ANKARA, Turkey — Iraq began pumping crude oil from its northern oil fields yesterday for the first time since the war — a milestone in the restoration of the country’s oil production that augurs well for thirsty world markets.

Iraq sits atop the world’s second-largest proven crude reserves, after Saudi Arabia, and oil exports are vital to its postwar reconstruction and the success of U.S. efforts to foster democracy in the country. Before the war halted Iraq’s oil production, the country pumped about 2.1 million barrels a day, most of it for export.

Analysts said it was not clear how reliable the flow of oil from fields near the northern Iraqi city of Kirkuk might prove to be, but the reopening of the pipeline to Turkey’s Mediterranean coast is a key step in rebuilding Iraq’s oil industry.

Saboteurs and looters have obstructed efforts to rehabilitate the 600-mile pipeline from Kirkuk to the Turkish city of Ceyhan. The lack of storage and export facilities forced the Iraqis to reinject much of the northern crude left over after refining for domestic use back into natural underground reservoirs.

“The export program has been stymied by unfortunate but continuing acts of sabotage. This is still the issue,” said Michael Rothman, chief energy strategist at Merrill Lynch in New York. He said Iraqi oil exports were a paltry 300,000 barrels a day last month.

Iraq began exporting from its giant southern oil fields last month, sending fresh crude to ships waiting offshore in the Persian Gulf at the export terminal of Mina el-Bakr. These southern exports have been intermittent, however, owing to power outages at the terminal and other interruptions.

Although Iraq’s big northern fields also resumed production after the U.S.-British invasion, crude from the north had been unavailable for export until now.

Delays in Iraqi exports have helped lift U.S. oil prices to well above $30 per barrel. Despite historically low inventories of crude in major importing countries, members of the Organization of the Petroleum Exporting Countries agreed on July 31 to keep output steady — a decision that provided no comfort to consumers.

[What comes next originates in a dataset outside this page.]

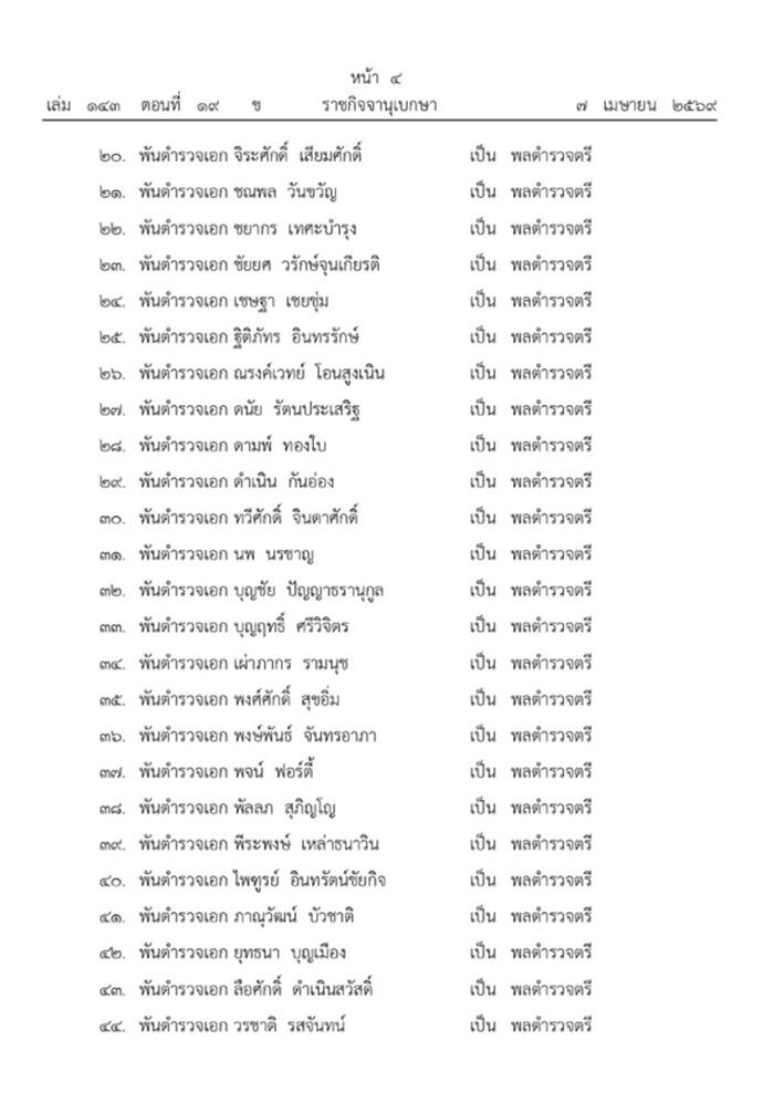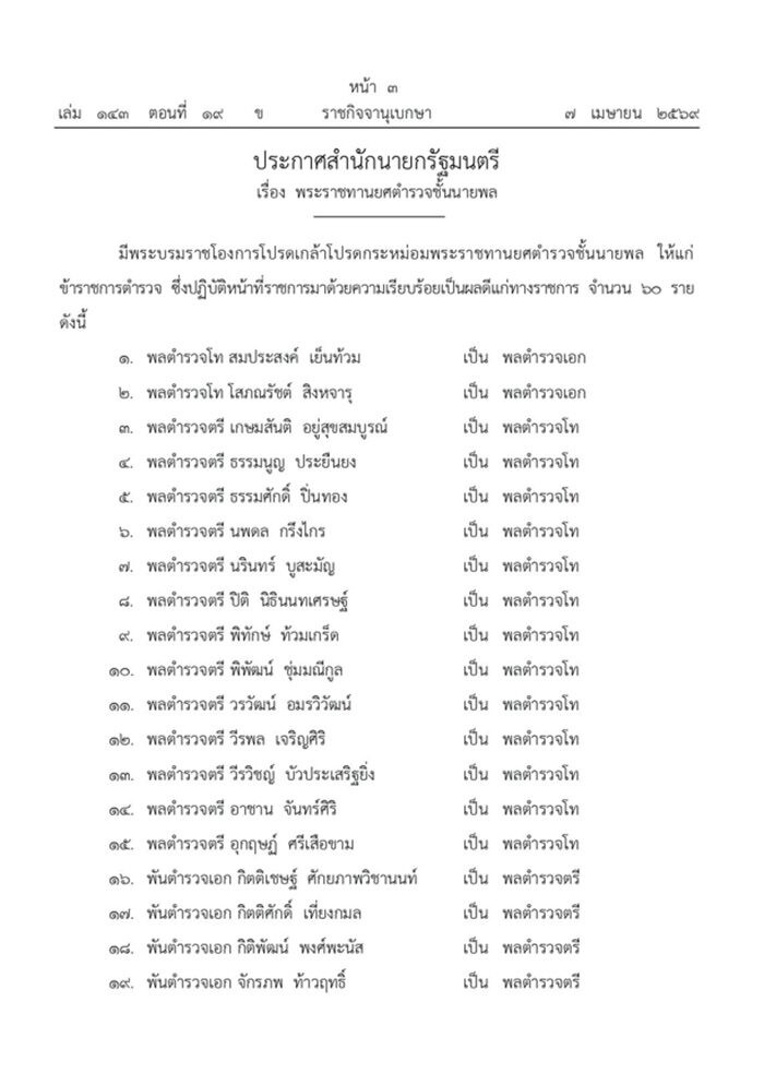 วันที่ 7 เมษายน 2569 เว็บไซต์ ราชกิจจานุเบกษา เผยแพร่ ประกาศสำนักนายกรัฐมนตรี เรื่อง พระราชทานยศตำรวจชั้นนายพล มีพระบรมราชโองการโปรดเกล้าโปรดกระหม่อม พระราชทานยศตำรวจชั้นนายพล ให้แก่ ข้าราชการตำรวจ ซึ่งปฏิบัติหน้าที่ราชการมาด้วยความเรียบร้อยเป็นผลดีแก่ทางราชการ จำนวน 60 ราย ดังนี้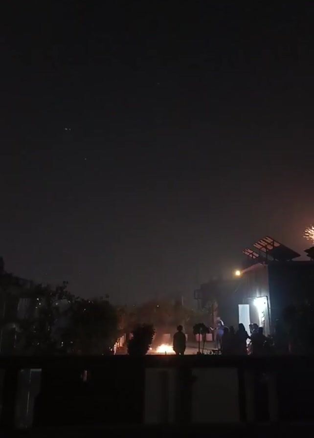 At night, a group of people are gathered around a bonfire in a residential area, and fireworks are being launched into the dark sky. The scene is dark, with the fire providing the main source of light, illuminating the people and their silhouettes. The buildings in the background are shadowy. There are some trees nearby. The sky is almost completely dark.

“At the end of the day, the oil coming out of Iraq is something the market needs right now,” Mr. Rothman said.

Crude from Iraq’s northern oil fields began pumping at around 4:30 p.m. local time, a Turkish oil official at the Ceyhan terminal said, speaking on the condition of anonymity. Turkey’s semiofficial Anatolia news agency quoted Energy Ministry officials as saying that the first Iraqi oil reached the Mediterranean port at 9:30 p.m.

“In a couple of weeks, you should be able to start inviting tankers to come on down,” said Peter Gignoux, head of the petroleum desk at Salomon Smith Barney in London.

Iraqi Oil Ministry officials could not confirm that crude was flowing into the pipeline.

Iraq was expected to pump 300,000 to 400,000 barrels a day to Ceyhan. No oil tankers are booked to load there, and oil was expected to flow for about 10 days before any vessels would be sent for loading.

Ceyhan holds about 500,000 barrels of Iraqi crude in storage and has room for about 7.5 million more barrels. Turkish energy officials said Iraq stopped pumping crude to Ceyhan on March 23.

The pipeline from Kirkuk is actually two parallel lines, one of which hasn’t been used for years. The operable pipeline has a capacity of about 1 million barrels a day.